Spring Cleaning?

It has been almost a year since we talked about the Areas of Concern that dot our Great Lakes with toxic sediments. It’s been half-a-year since the US House approved triple funding for the Great Lakes Legacy Act the federal program that helps states and localities clean up these dangerous pollutants. And it has been about the same amount of time since one Senator from Oklahoma shot down the increased funding and put us right back where we started. But the US House has just passed another water bill that would triple the authorization for this clean up program and the US Senate is expected to consider the bill this spring.

Twenty-six sites in New York State are responsible for more than 99 percent of the toxic chemical pollution on the US side of the Great Lakes basin. Ugh. The Buffalo and Niagara Rivers that flow through Buffalo, New York and into Lake Ontario and Erie have an amazing inventory of chemicals and dangerous pollutants.

Buffalo was a magnet for industry at the turn of the last century – it had hydropower, a significant rail network and the Erie Canal – industry and then chemical companies moved in and began using up and abusing the fresh water. Years later, after these companies fled or closed shop, they left behind a destructive, toxic legacy in the same formerly pristine waters that flow through Buffalo and into Lakes Erie and Ontario.

“What was left behind was a skeleton of the industrial and chemical revolution,” said Jill Spisiak Jedlicka of the Buffalo Niagara Riverkeeper. A skeleton buried in the rivers’ sediments and underneath the fractured bedrock that the city sits upon where toxins find their way through numerous fissures into the Niagara River and the Lakes.

There are two major Areas of Concern in the Queen City – several miles of the Buffalo River and another 37 miles of toxic muck in the Niagara River – totaling a 1400 square mile geographic range.
Buff River at Erie Harbor

The bed beneath the Buffalo River is contaminated with hazardous waste, PCBs, chlordane, PAH’s and plenty of raw sewage – there are 45 inactive hazardous waste sites within this one AOC.

The Niagara River has its own problems – as late as the 1980s cities and industrial facilities were allowed to discharge their waste into the river. This AOC has inactive hazardous waste sites, contaminated sediment, combined sewer overflows, urban and rural run off and regular old-fashion pollution.
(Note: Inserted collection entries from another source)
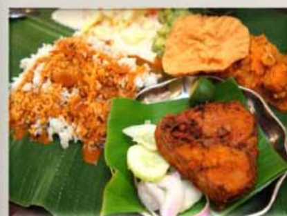
FAMILY SUNDAY CURRY LUNCH FOOD COURT, (DATARAN) 11.00am to 3.00pm (Sundays)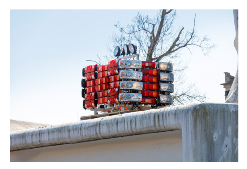
Xavier Mary, Too Many Parties , 2017, aluminium, front and rear truck headlights, neoprene cables, 146 \times 127 \times 202 \text{ cm} . Collection Uhoda.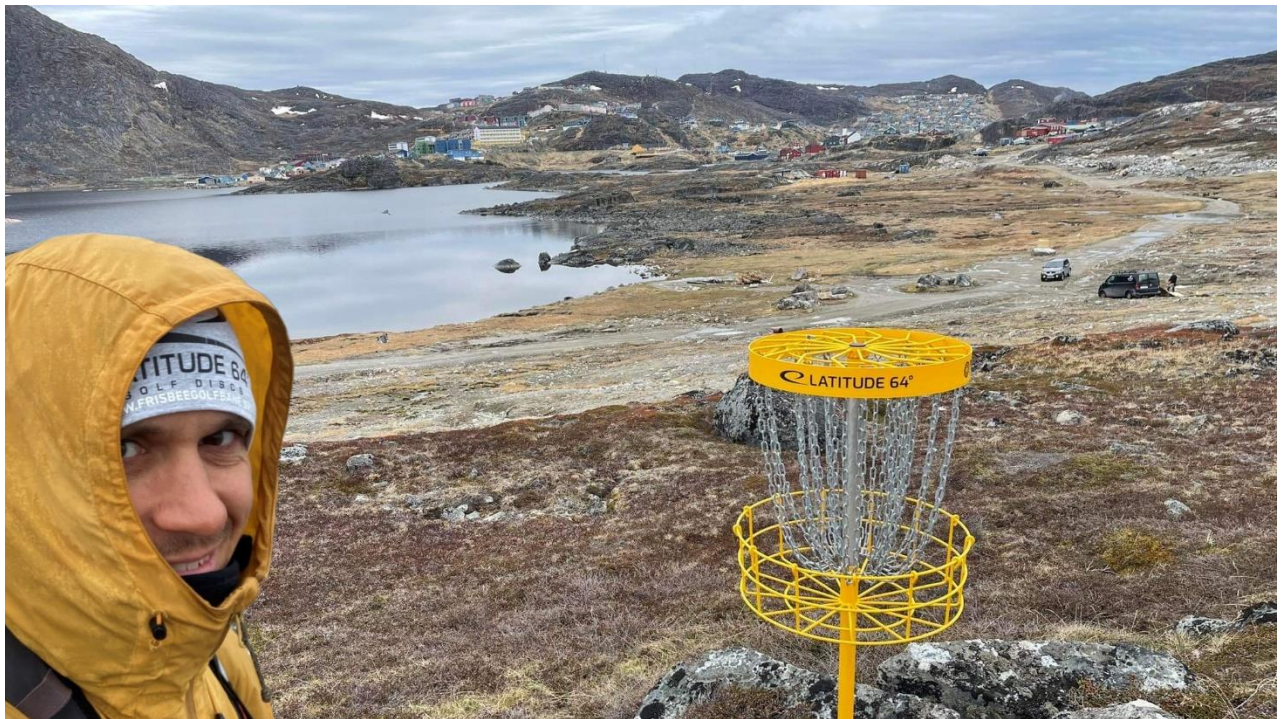
In 2023 Denmark's Martin Spliid & Latitude 64 organized the 1 st course installations in Greenland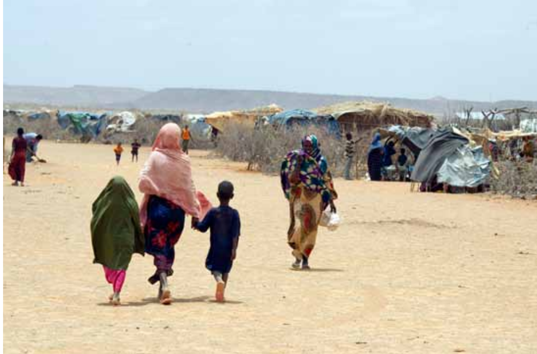
Somali refugees at their camp in Malkadiida, Ethiopia. 25 August 2011 Malkadiida, Ethiopia Photo # 483000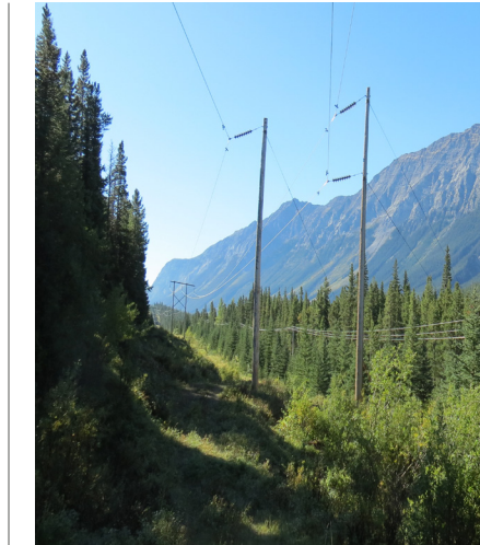
The existing wood monopole structures that need to be replaced.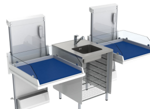
Height Adjustable Changing Table 334 - Combination 2, Washing bench center, Border 20 cm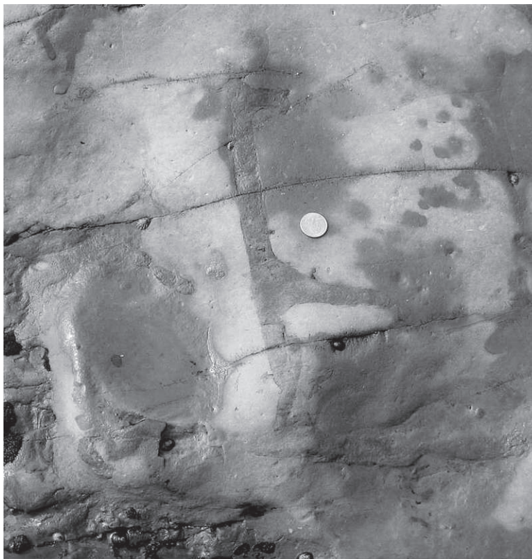
Fig. 3. Invertebrate burrows at Cabrillo National Monument (CABR).

fossiliferous within CABR, with several fossil localities yielding abundant bivalves and gastropods as well as sponges, corals, bryozoans, chitons, barnacles, crabs, and bony fish (Kern 1977, Tweet et al. 2012).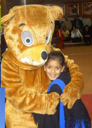
Small person being hugged by very big cuddly thingummy.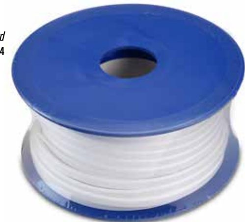
Sealant Cord Part No. 15234244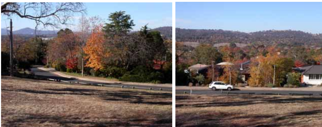
Fig.3 Setting of Curtin a 1960s Canberra suburb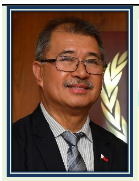
Secretary, Department of Science and Technology (DOST)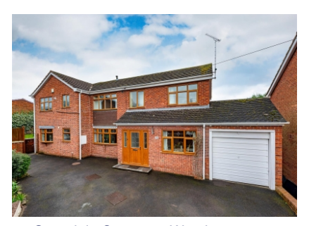
15 Ounsdale Crescent, Wombourne, Wolverhampton

But the Buffalo Niagara River Keeper has successfully negotiated Great Lakes Legacy Act funding for the Buffalo River and are responsible for the river’s Remedial Action Plan. After years of research and planning, efforts to clean up the sediments that lie at the bottom of the river will be underway by the end of this year. There will literally be shovels in the dirt because of the work of countless people and with the help of federal funding from the GLLA.

“It didn’t happen overnight and that is the hardest sell with Congress,” said Spisiak Jedlicka, “Especially with those congressmen from outside the Great Lakes region, they want to see it happen right away. These problems are so complex and the solutions don’t come overnight.”

So far, the GLLA has required localities to find funding to match the federal government – a 65/35 split. This worked out for the Buffalo River project because Albany came to the table with an open purse. But this match has been a real problem for other AOC’s especially those known as “orphans” because the polluters are no longer in business and/or have left the area – there is no one to hold responsible. One way to deal with this, according to Spisiak Jedlicka would be to allow the EPA to take mitigating circumstances into account. “The EPA should have the ability to negotiate the matching numbers based on the individual situation,” she suggests.

Under the House water bill the matching funds are addressed. There are also funds for habitat restoration that did not exist in the previous GLLA authorizations. Spisiak Jedlicka says that habitat restoration plays a big role in successful remediation of a toxic site because it is the ingredient that brings the fish back to edible and helps the waters stay clean for drinking and swimming.

But none of this will matter if the US Senate doesn’t see how important this program is to the future of our nation’s largest source of surface fresh water when it considers the $19.4 billion Water Quality Investment Act of 2009 (HR 1262). Last year when Congress debated reauthorizing the GLLA, Spisiak Jedlicka said the riverkeeper’s work was affected, “knowing we were next in the queue to start remediation we sped up our schedule [on the Buffalo River] because we were so concerned that the legacy act would not be reauthorized. Now, knowing there is a larger authorization [$150 million a year in the House water bill] on the table allows us to evaluate things more thoroughly and take those extra few months to make the correct decisions when it comes to remediation of the 37 miles of the Niagara River that we have to clean up too.”

It has been nearly 20 years since Congress passed a Water authorization bill. That is too long to neglect toxic hot spots, aging sewage systems and crumbling wastewater facilities. The House water bill triples funding for the Great Lakes Legacy Act to $150 million a year, addresses some of the concerns over matching funds and allows some of the money to go toward habitat restoration. This funding is nothing short of crucial to our region and for the restoration of the Great Lakes but it is in a very vulnerable position in the US Senate.